17. The method of claim 16, further comprising:

forming a backside dielectric layer on a bottom side of the alternating stack after removal of the carrier substrate;

forming a backside opening through the backside dielectric layer such that a bottom surface of the in-process assembly is exposed, wherein the sacrificial pillar structure is removed after formation of the backside opening, and the layer contact via structure fills a volume of the backside opening;

forming lateral recesses by performing an etch process that etches the sacrificial material layers selective to the insulating layers and the sacrificial annular material portion;

forming the electrically conductive layers by depositing at least one electrically conductive material in the lateral recesses;

removing the sacrificial pillar structure selective to the sacrificial annular material portion; and

removing the sacrificial annular material portion selective to a material of the electrically conductive layers and selective to a material of the dielectric spacer, wherein the layer contact via structure is formed in volumes from which the sacrificial pillar structure and the sacrificial annular material portion are removed.

18. The method of claim 16, further comprising:

forming a source contact layer directly on a physically exposed sidewall surface of the vertical semiconductor channel; and

forming a source contact via structure on a backside of the source contact layer concurrently with formation of the layer contact via structure, wherein the source contact via structure and the layer contact via structure comprise the at least one conductive material.

19. The method of claim 16, further comprising bonding a logic die to a memory die containing the memory opening fill structure, the insulating layers, and the electrically conductive layers after the step of removing the carrier substrate and before the step of forming the layer contact via structure.
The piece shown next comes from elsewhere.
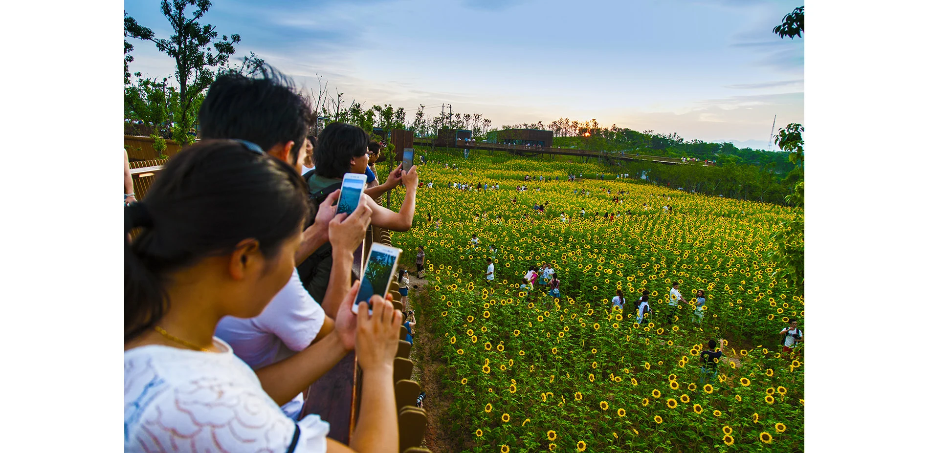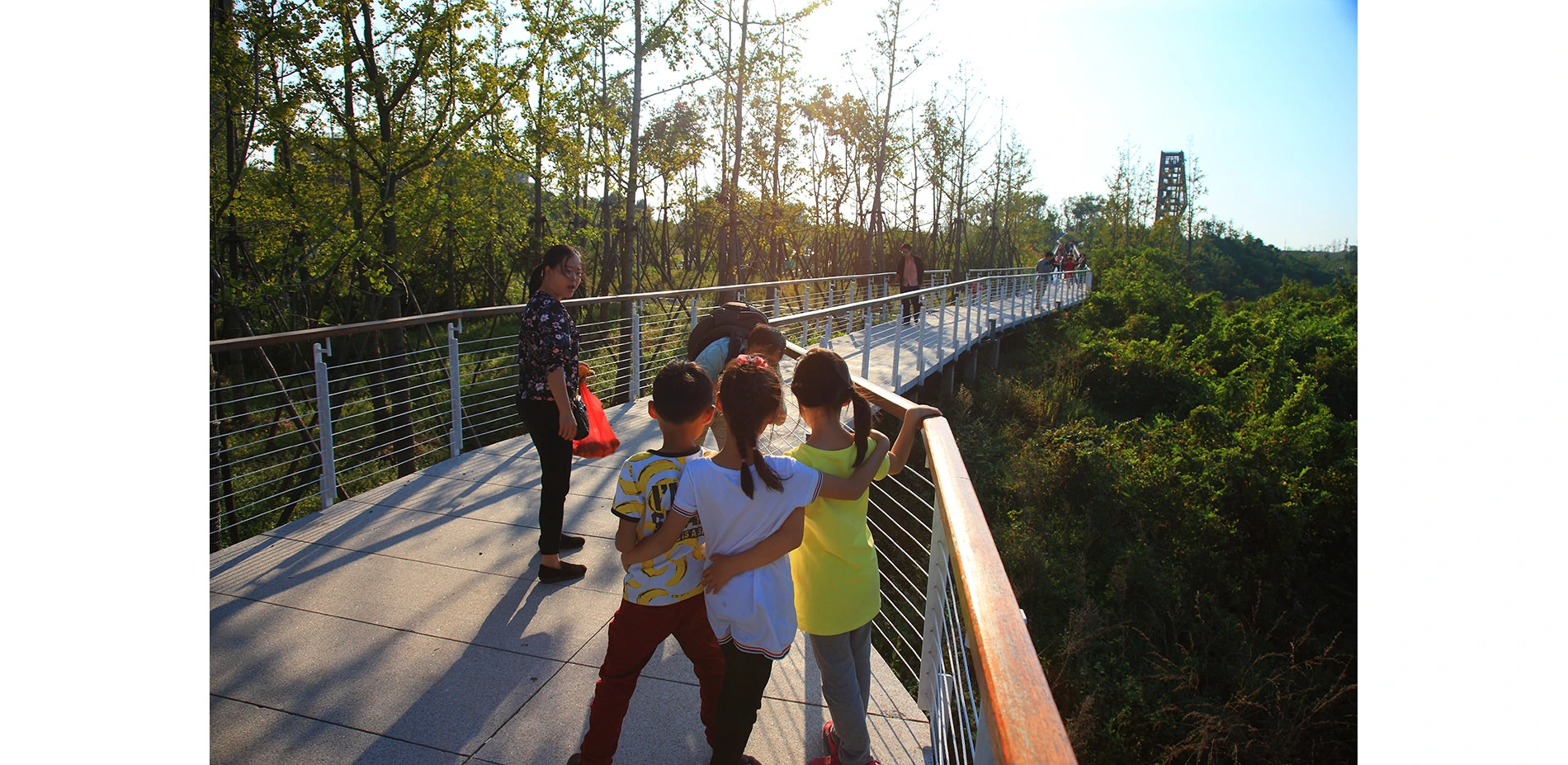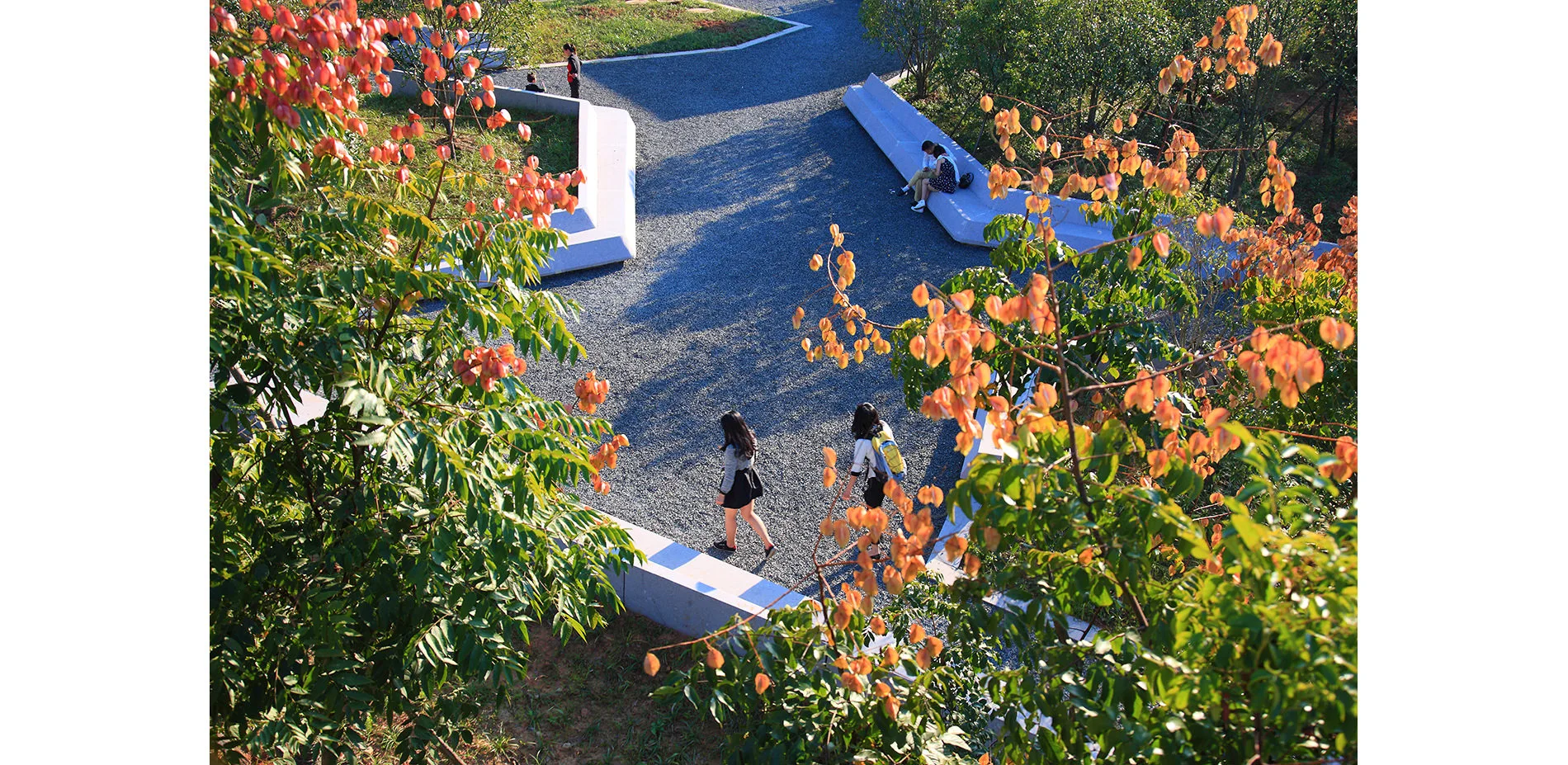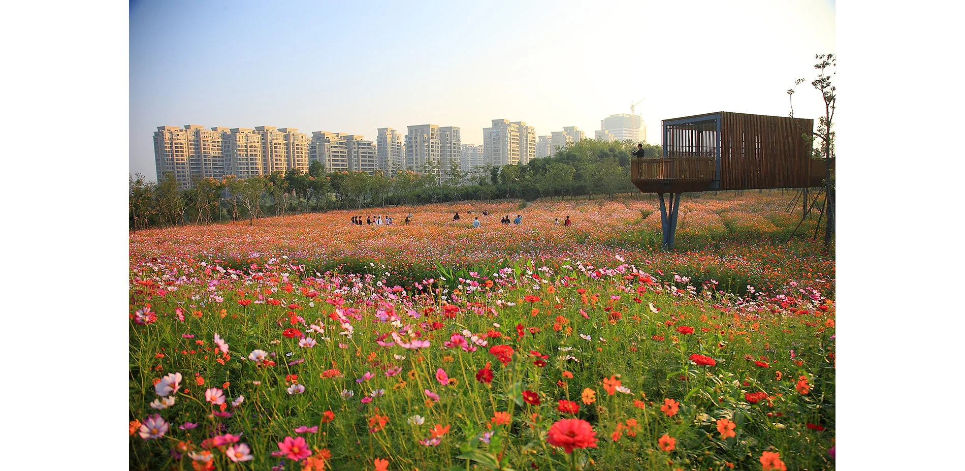 The park has been very successful as a place for local residents to relax and recreate. It has become a dynamic urban oasis with celebrations and many kinds of events–like the spontaneous gatherings spawned by social media for locals who follow the seasonal blooming of flowers. These events encourage residents to be aware of the changes of seasons that are often obscured by the hustle of urban life. This connection to nature can refresh the memories of a once rural population (80% of the urban residents, as with the general Chinese urban population, were farmers two or three decades ago). On a fine day, one can be easily moved by scenes throughout the park: kids of various ages jumping and yelling in excitement in one of the pavilions floating above the lush vegetation, young people hugging and falling in love in a fields of flowers, newlyweds having their wedding photographs taken with the productive farmland in the background, couples caring for their babies in strollers above the boardwalk, and elderly couples walking arm-in-arm and resting on the platforms overlooking the new city. As the terrain slopes up from the river, the landscape is quilted with productive and fecund vegetation. Offering respite from the dense urban surroundings, these verdant tableaus are framed by an experiential network of boardwalks and structures that look out onto the memories of the past and hopes and dreams for the future. -
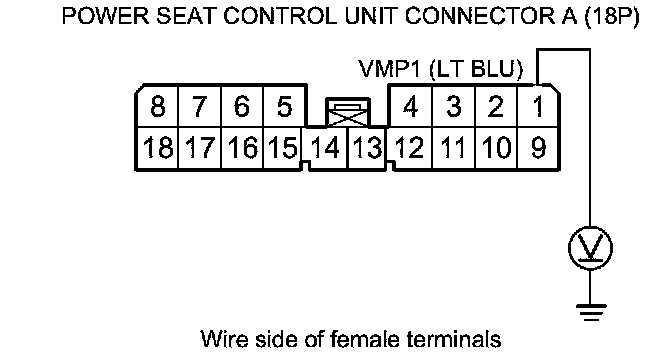 27. Measure the voltage to body ground between body ground and power seat control unit connector A (18P)terminals No. 1.

20. A method of forming a memory device, comprising:

providing a memory die comprising an alternating stack of insulating layers and electrically conductive layers located over a carrier substrate and a memory opening fill structure comprising a vertical stack of memory elements and a vertical semiconductor channel extending through the alternating stack;

bonding the memory die to a logic die;

removing the carrier substrate after the step of bonding; and

forming layer contact structures each of which directly contacts a surface of a respective one of the electrically conductive layers after the step of removing the carrier substrate.